Hong Kong-based Hybrid Kinetic Group does specialise in turbine systems however, and its website makes claims that its turbine generators are as little as a half to a third the size of a conventional piston engine, runs 20,000 hours maintenance free and can run on virtually any fuel - from petrol and diesel to hydrogen, or propane.

The styling is less groundbreaking in concept but as handsome as you’d hope for, from something bearing the Pininfarina name. It takes the form of a traditional four-door saloon, albeit one with rear-hinged rear doors and the absence of a B-pillar, leaving unhindered access to the cabin.
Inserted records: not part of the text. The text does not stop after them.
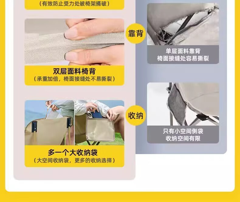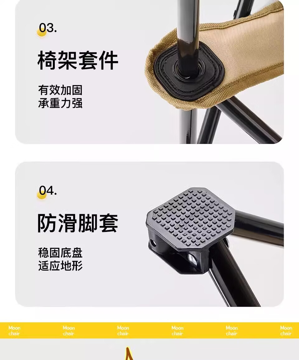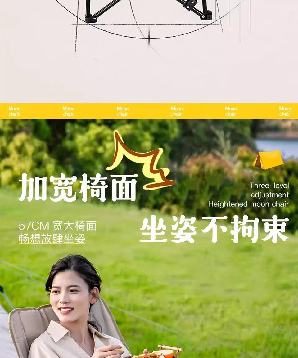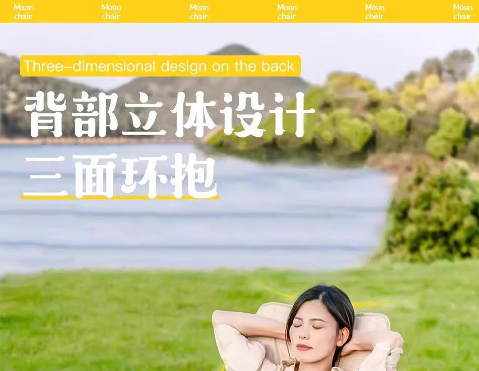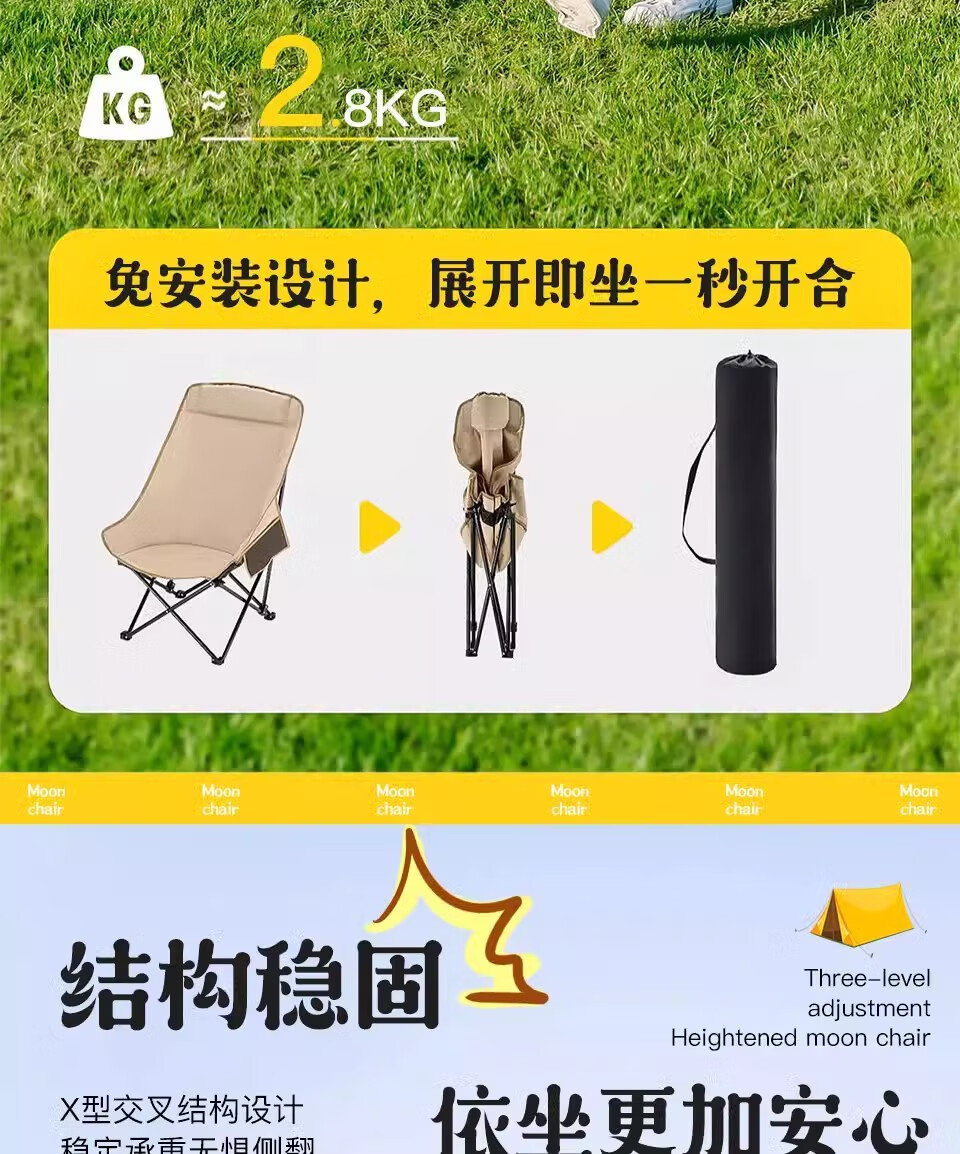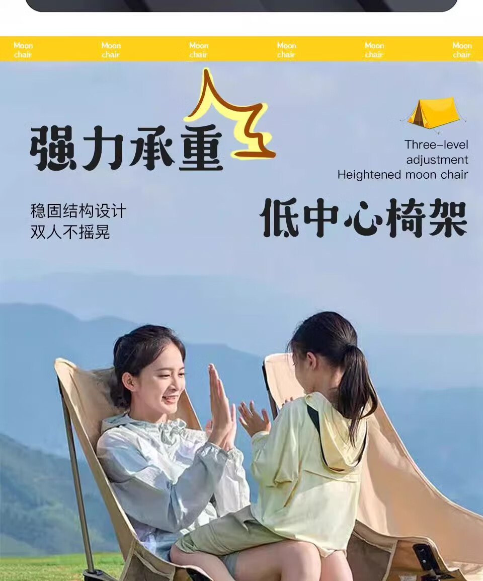 山头林村户外折叠椅高靠背月亮椅野餐桌椅露营家用商用便携沙滩躺椅钓鱼凳 高背月亮椅卡其色
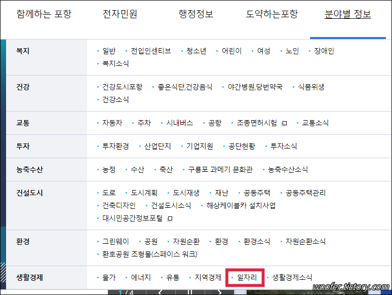 ▲ [분야별정보] - [생활경제] - [일자리] 메뉴에서 포항시의 일자리, 취업 관련 정보를 제공하고 있습니다.
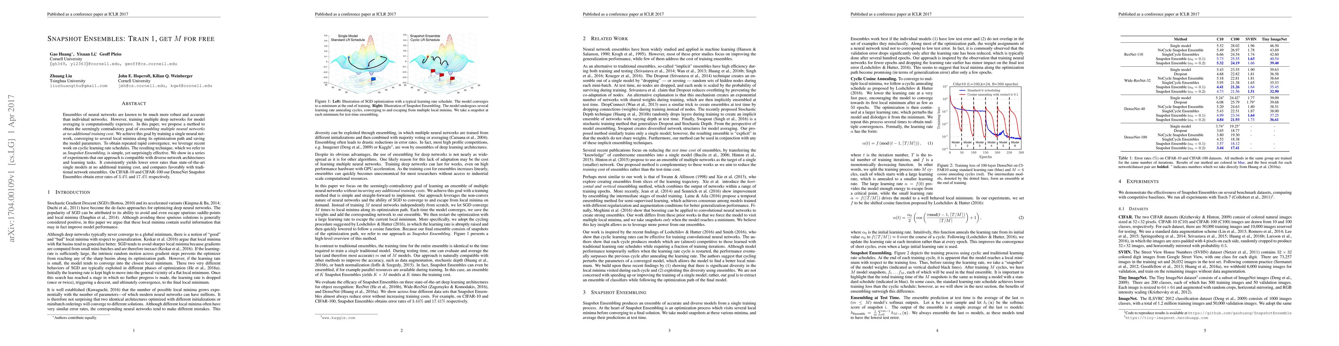 Researchers propose a method to create ensembles of neural networks at no additional training cost by leveraging cyclic learning rate schedules, yielding lower error rates than state-of-the-art single models.
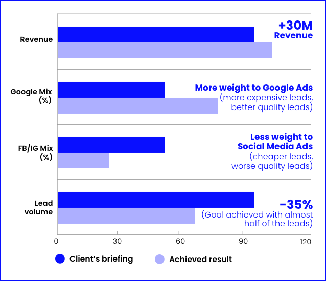 Less is more: the goal is achieved with almost half the number of leads. This case shows that the quality of the leads matters a lot.
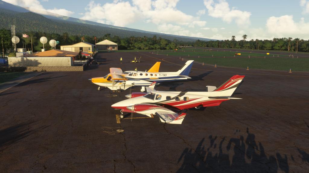 For this journey, I worked my way from the eastern most island (with an airport) to the western most island. That meant starting on the big island, Hawai’i, at Hilo International Airport. No scenery for this airport but the vast majority of the airports I visited during this journey include scenery developed by Northern Sky Studios. I’ll provide links as we go!
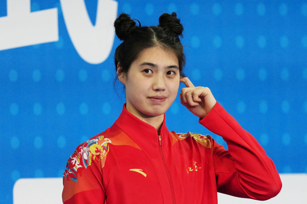 对于丸子头,张雨霏笑着解释:“之前答应粉丝们,如果我再次站上第一名的领奖台,那我就扎一个‘哪吒’。”
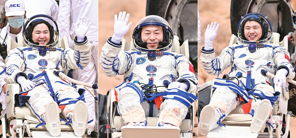 4月30日,神舟十九号航天员王浩泽、蔡旭哲、宋令东(从左至右)安全顺利出舱(拼版照片)。
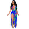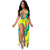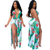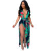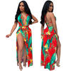 victoria’svogue Leaf Floral Print Women Sexy Summer Dress Deep V Neck Halter Backless High Slit Maxi Club Party Dress Beach Vestidos
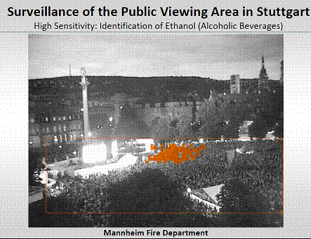 Zařízení SIGIS 2 (výrobce firma Bruker Optik, Německo). Jedná se o novou technologii, která využívá pasivní infračervenou absorpční spektrometrii a umožňující současné prostorové skenování. Postupně se měří infračervená absorpční spektra, kde jako zdroj infračerveného světla slouží pozadí atmosféry nebo terénu (pasivní technologie). Dále je skenována určitá oblast s úzkým prostorovým úhlem. Obdržíme obraz (mapu), kde každému bodu přísluší kompletní IR spektrum získané FT IR spektrometrem s vysokým rozlišením (ukázky spekter methanolu a amoniaku jsou na Obr. 1). Je tak schopný detekovat nejen přítomnost nebezpečných látek, ale získat i informaci o jejich rozložení a šíření terénem. V případě, že danou oblast snímají dvě zařízení SIGIS současně z různých míst, můžeme získat i informaci o 3D rozložení a šíření škodlivin prostorem.
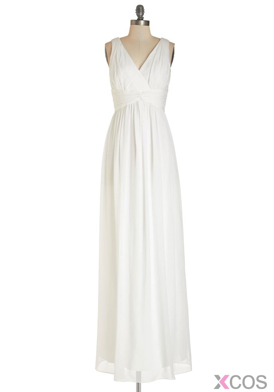 • Simple White V Neck Sleeveless Floor Length Chiffon A Line Bridesmaid Dress CHBD-80064
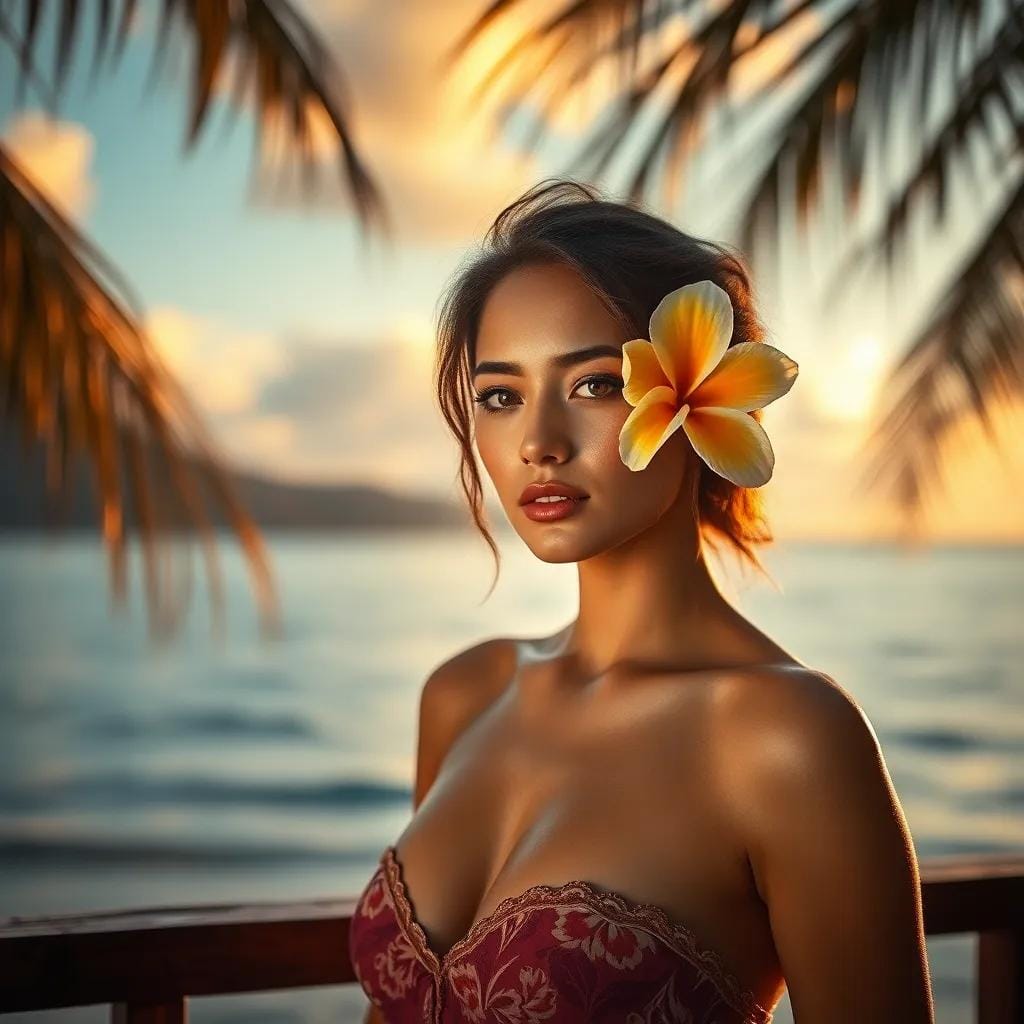 The artist's eyes, filled with admiration, drank in the beauty of her form, as the soft rustle of silk fabrics seemed to caress her skin. As the night drew to a close, they found themselves in the moonlit garden, where the scent of blooming flowers filled the air. The woman's body, a vision of loveliness, seemed to shimmer in the moonlight, as the man's gentle touch sent shivers down her spine. Their midnight kiss, a promise of forever, was sealed beneath the stars, as the scent of rose petals and jasmine filled the air. In this tropical paradise, where the beauty of nature was the only reality that mattered, the couple found themselves lost in a world of serenity, where the elegance of the woman was the only truth that mattered. This rewritten version maintains the artistic and elegant tone of the original story, while removing any explicit content. It focuses on the beauty of the woman, the serenity of the setting, and the couple's gentle and romantic interactions.
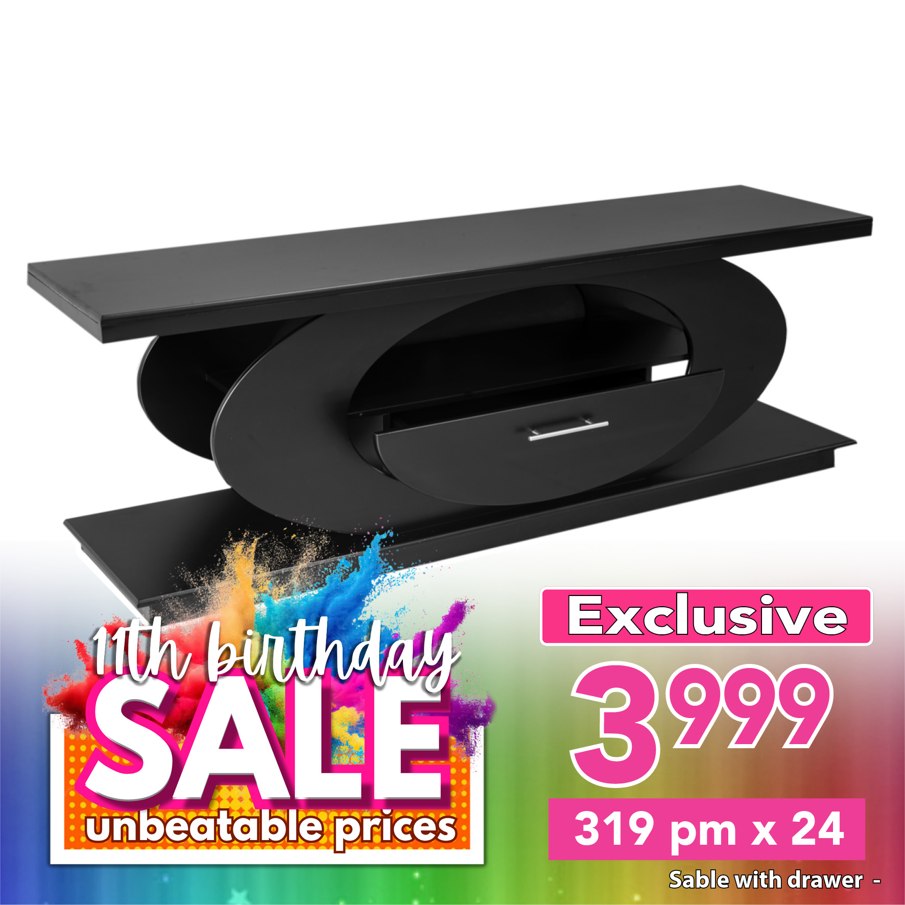 A uniquely crafted plasma stand, both bold and enticing. Both beautiful and functional, this plasma stand also includes a draw to keep all the remotes safe.
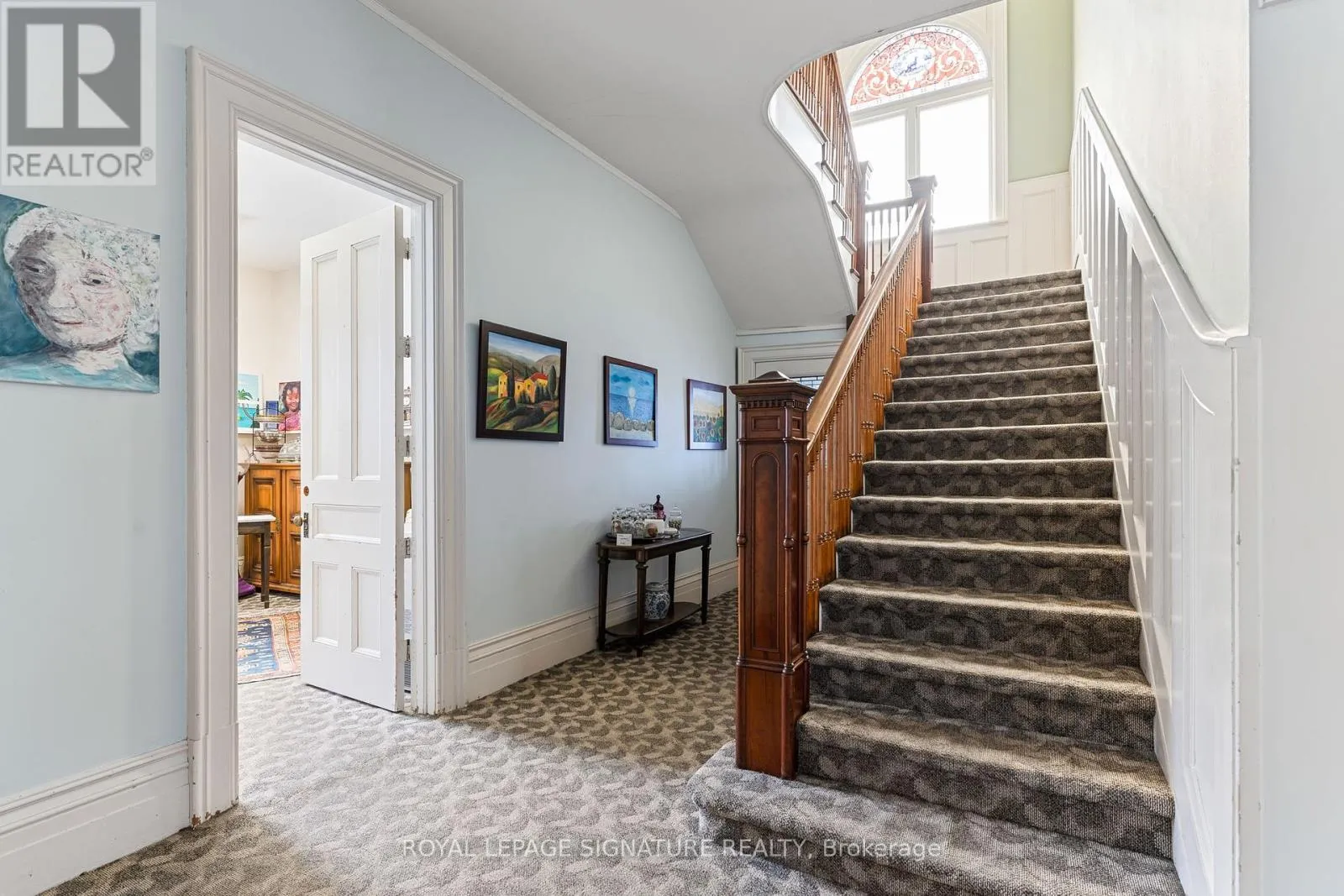 10th Street West and First Avenue West This remarkable 1893 Queen Anne Revival offers a rare blend of architectural beauty and proven financial success. The estate operates as a licensed bed & breakfast, including a fully renovated carriage house featuring two independent rental units. The two buildings are separate structures, providing flexible living arrangements and income across the property. Immediate, transferrable revenue from day one, is a privilege reserved for the discerning owner.Inside the main home, period details are showcased through original stained glass, intricate millwork, a stately newel post, and a signature tower with sweeping river views. The thoughtfully designed spaces cater to both leisure and business guests, with a welcoming library perfect for quiet work, sunlit living and dining rooms ideal for meetings or gatherings, a butlers pantry, large kitchen, and convenient powder room. Upstairs, four oversized bedrooms await, including a spacious primary suite, two generously sized bathrooms, thoughtfully designed to serve both family and guests with ease. Full upper story and roof deck available for conversion. Steeped in history, this home was built for to Dr. W. George Dow, back in 1893, and has since served as a medical office, insurance business, and community gathering place. As a timeless landmark, it stands in the very heart of Owen Sounds vibrant hub, offering the unique ability to live and work under one roof with a strong, proven, lucrative income stream already in place. (id:27476)

The body is pleasingly free of fripperies, with smooth surfacing and a clean, sweeping roofline. There’s a hint of modern Maserati to the expansive grille with its large vertical strakes - a design intended to direct as much air as possible to the turbine - and we see a touch of Lincoln in the body-width horizontal rear light unit. It’s not dissimilar to Pininfarina’s last significant saloon concept, the Cambiano of 2012, though that car was entirely battery-powered, with an electric motor for each wheel.

Inside it’s typical concept car fare, though once again attractive and elegant. Shapely seats sprout from the floor, their wooden shell backs echoing similar treatment on the floors and interior door panels, evoking - says Pininfarina - the tradition of cabinet-making.

Natural leather features widely - on the seats, doors, dashboard and steering wheel, at a glance - while a large touch-sensitive panel between the seats also seems suspended in mid-air, with nothing to divide the driver and passenger footwells. Another screen spans the dashboard, and the floors and door cards are split by luminescent strips.